Depuis, la bulle technologique a éclaté. Et, avec elle, la nomenclature traditionnelle des titres d'emploi. Les Ninjas et compagnie ont disparu, certes, mais les appellations sont demeurées moins conservatrices que par le passé. Ainsi, on ne s'étonne plus, par exemple, de croiser des conseillers en talents (lire "conseillers en ressources humaines"). Au Canada anglais et aux États-Unis, les entreprises emploient le mot "chief" à toutes les sauces : chief information officer, chief talent officer, chief ethics officer, chief blogging officer (rédacteur du blogue d'une société!)... Ce titre n'a pas d'équivalent en français, mais il s'approche de celui de vice-président.

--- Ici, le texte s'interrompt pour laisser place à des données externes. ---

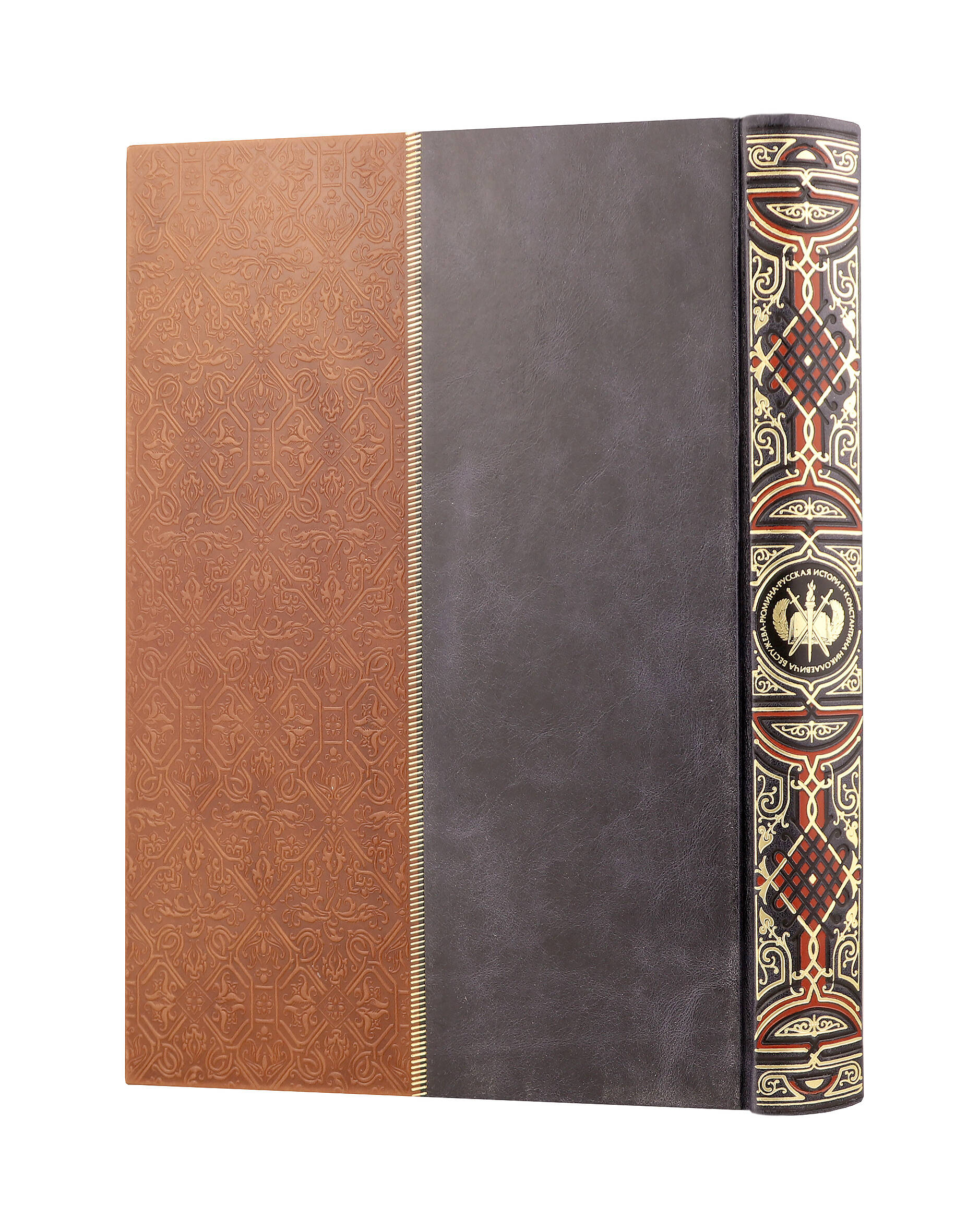 Русская история К.Н. Бестужева-Рюмина. Книга в коллекционном кожаном инкрустированном переплете ручной работы с окрашенным и золочёным обрезом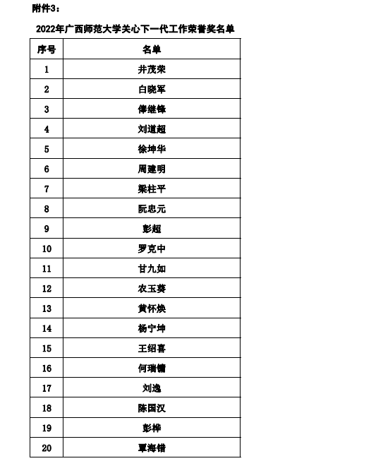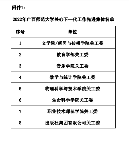 为加强校园文化建设,表彰学校在关心下一代工作的突出成果,广西师范大学根据《关于组织开展我校2022年关心下一代工作先进集体和先进个人评选工作的通知》,经过各学院(部)、各单位(含附属单位)关工委推荐、审核、校评审委员评审,确定生命科学学院关工委为“关心下一代工作先进集体”;周善义、黄倩为“关心下一代工作先进工作者”;甘九如获“关心下一代工作荣誉奖”。

"Les gens aiment avoir un titre ronflant", remarque Gaétane C. Hains, spécialiste en ressources humaines et attachée d'enseignement à HEC Montréal. Addition Elle, une chaîne de magasins de vêtements, a d'ailleurs exploité ce filon vers 2000, avant d'être acquise par Reitmans. Les gérantes de succursale ont alors été érigées en "présidentes d'unité", selon Gaétane C. Hains, alors directrice des ressources humaines chez Addition Elle. "Elles n'étaient pas plus payées, dit Gaétane C. Hains, alors directrice des ressources humaines chez Addition Elle, mais, aux yeux de leur famille, elles étaient des présidentes !" Avec ce nouveau titre, Addition Elle espérait que ses gérantes fassent preuve de plus de leadership. "Cela a eu un certain effet, note Gaétane C. Hains. Les femmes sentaient que c'était "leur" magasin. On leur laissait prendre certaines responsabilités [supplémentaires]." Mais Reitmans n'a pas conservé ce titre.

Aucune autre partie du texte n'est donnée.